- Provided material
━━━
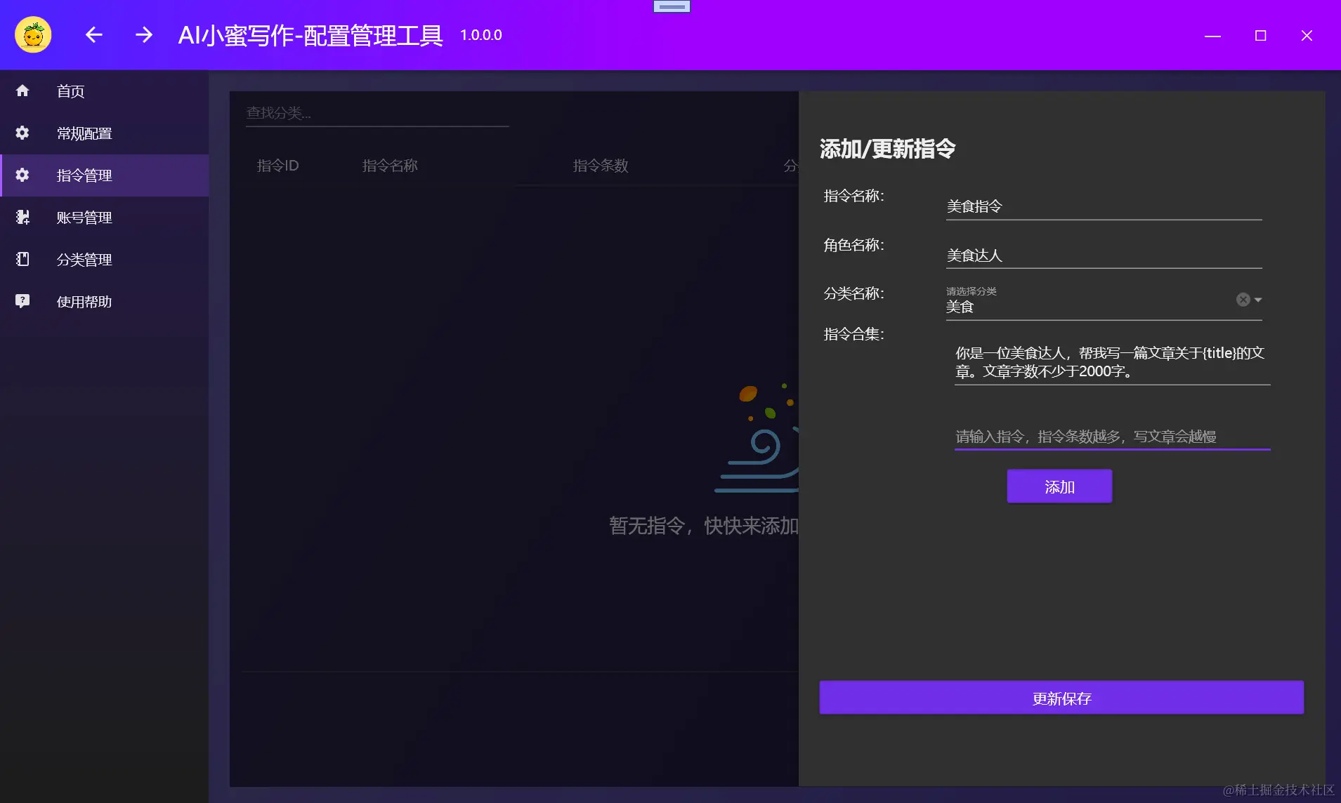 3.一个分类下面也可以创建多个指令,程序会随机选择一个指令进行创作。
━━━
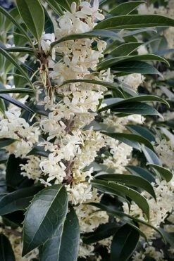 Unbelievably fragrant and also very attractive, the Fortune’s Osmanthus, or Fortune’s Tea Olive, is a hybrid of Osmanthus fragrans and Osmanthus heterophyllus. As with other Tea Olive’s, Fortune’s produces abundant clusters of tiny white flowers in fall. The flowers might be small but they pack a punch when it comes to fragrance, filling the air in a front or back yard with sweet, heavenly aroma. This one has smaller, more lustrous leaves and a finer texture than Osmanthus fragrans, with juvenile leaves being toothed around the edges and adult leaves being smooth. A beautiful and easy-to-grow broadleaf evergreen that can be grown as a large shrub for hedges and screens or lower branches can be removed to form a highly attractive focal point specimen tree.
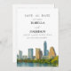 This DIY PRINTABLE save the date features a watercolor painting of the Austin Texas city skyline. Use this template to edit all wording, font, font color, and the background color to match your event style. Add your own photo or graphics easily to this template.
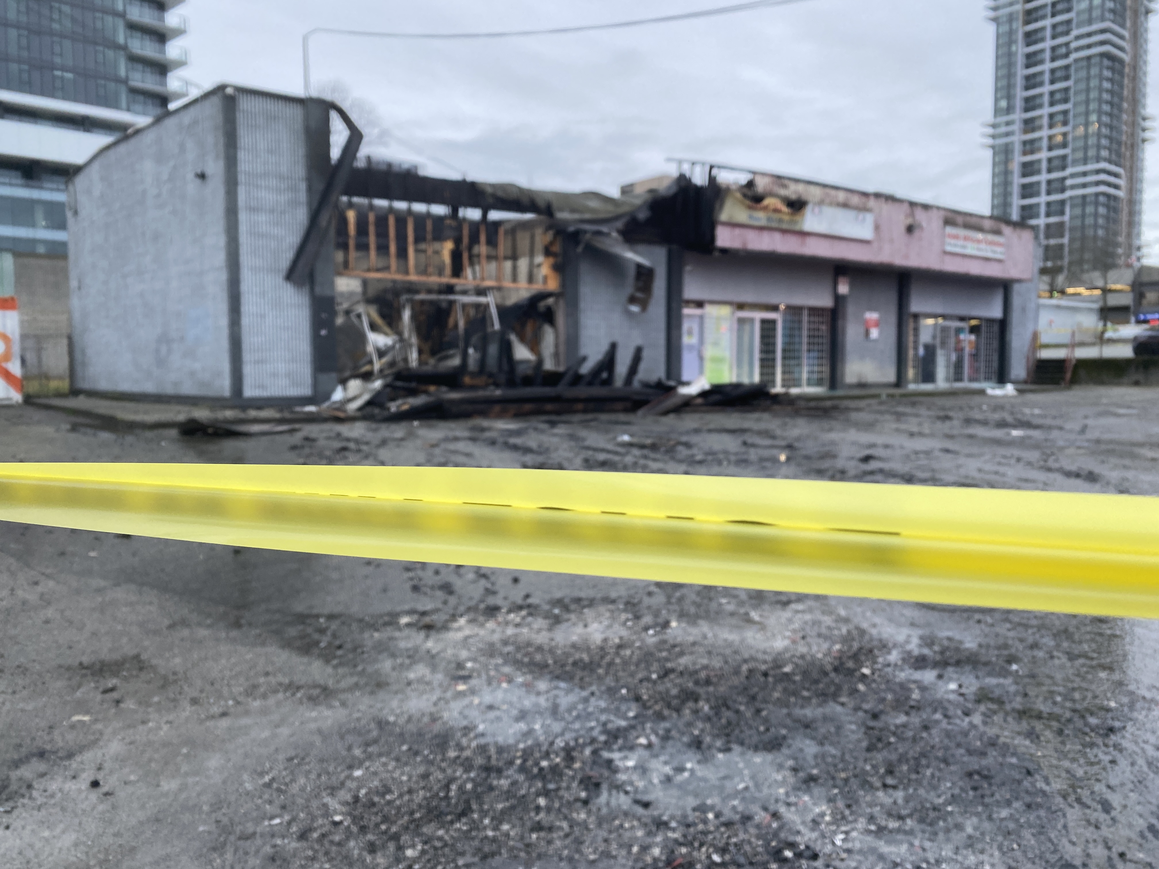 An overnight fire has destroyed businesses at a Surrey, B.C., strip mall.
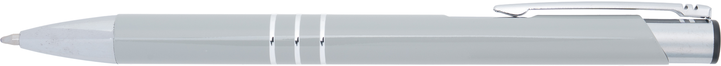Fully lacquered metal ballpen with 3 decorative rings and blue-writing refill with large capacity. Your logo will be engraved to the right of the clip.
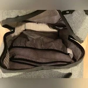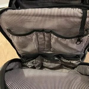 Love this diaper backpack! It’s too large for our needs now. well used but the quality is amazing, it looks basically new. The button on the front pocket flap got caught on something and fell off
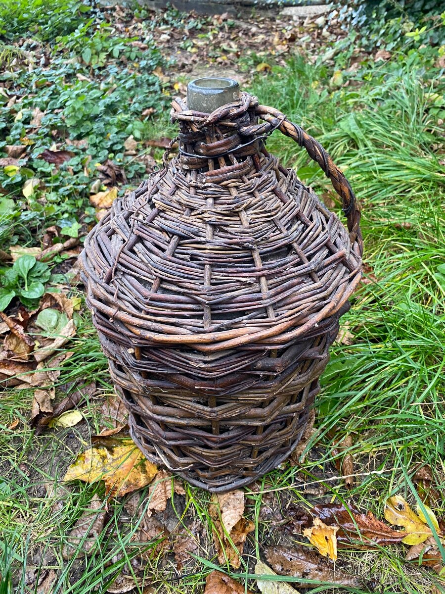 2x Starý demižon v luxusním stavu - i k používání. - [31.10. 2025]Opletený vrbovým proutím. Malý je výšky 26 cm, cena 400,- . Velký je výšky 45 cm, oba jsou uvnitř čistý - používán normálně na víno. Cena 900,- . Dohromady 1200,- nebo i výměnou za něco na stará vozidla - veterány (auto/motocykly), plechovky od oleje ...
━━━
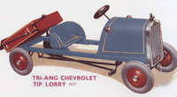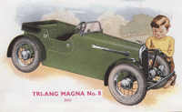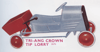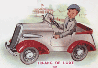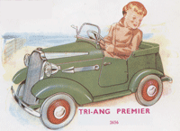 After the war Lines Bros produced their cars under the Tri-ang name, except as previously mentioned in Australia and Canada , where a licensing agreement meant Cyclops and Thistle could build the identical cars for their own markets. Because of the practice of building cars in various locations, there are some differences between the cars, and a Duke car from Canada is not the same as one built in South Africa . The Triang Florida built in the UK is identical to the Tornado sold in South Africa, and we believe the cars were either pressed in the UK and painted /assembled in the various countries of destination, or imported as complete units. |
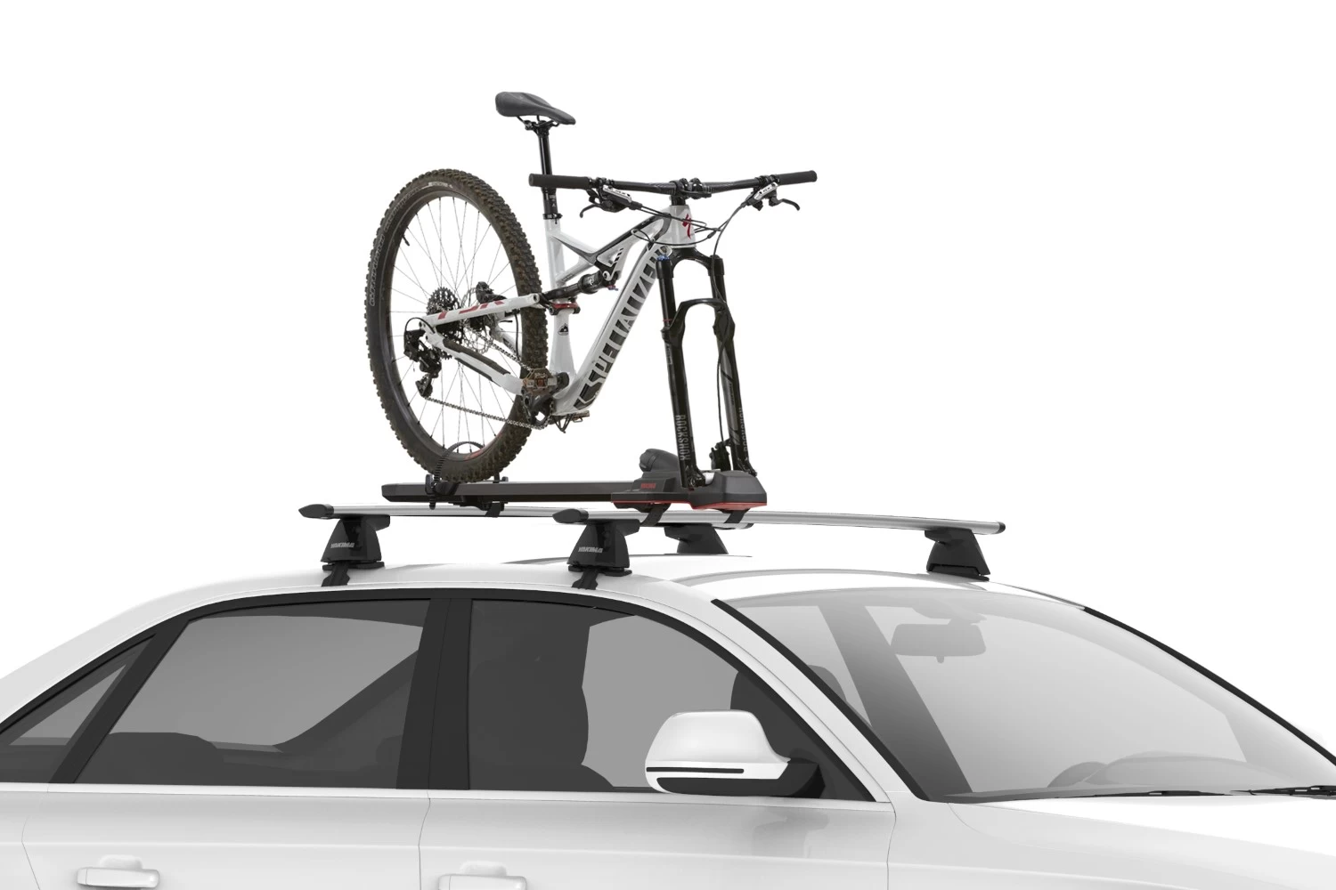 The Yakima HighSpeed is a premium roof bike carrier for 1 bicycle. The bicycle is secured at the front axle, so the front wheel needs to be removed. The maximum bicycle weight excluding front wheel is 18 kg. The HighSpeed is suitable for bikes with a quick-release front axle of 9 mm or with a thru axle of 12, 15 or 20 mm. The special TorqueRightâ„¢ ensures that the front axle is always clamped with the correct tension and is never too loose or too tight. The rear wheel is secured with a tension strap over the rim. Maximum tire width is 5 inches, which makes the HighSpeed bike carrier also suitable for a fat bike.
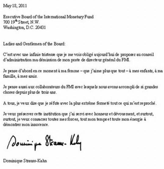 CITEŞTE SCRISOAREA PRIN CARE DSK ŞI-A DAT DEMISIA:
━━━
- Task statement
Repeat only the stretch of data above that runs from the line with "This DIY PRINTABLE" to the line with "Fully lacquered metal". Keep both end lines; exclude pictures.

- Reply to the exercise
 This DIY PRINTABLE save the date features a watercolor painting of the Austin Texas city skyline. Use this template to edit all wording, font, font color, and the background color to match your event style. Add your own photo or graphics easily to this template.
 An overnight fire has destroyed businesses at a Surrey, B.C., strip mall.
Fully lacquered metal ballpen with 3 decorative rings and blue-writing refill with large capacity. Your logo will be engraved to the right of the clip.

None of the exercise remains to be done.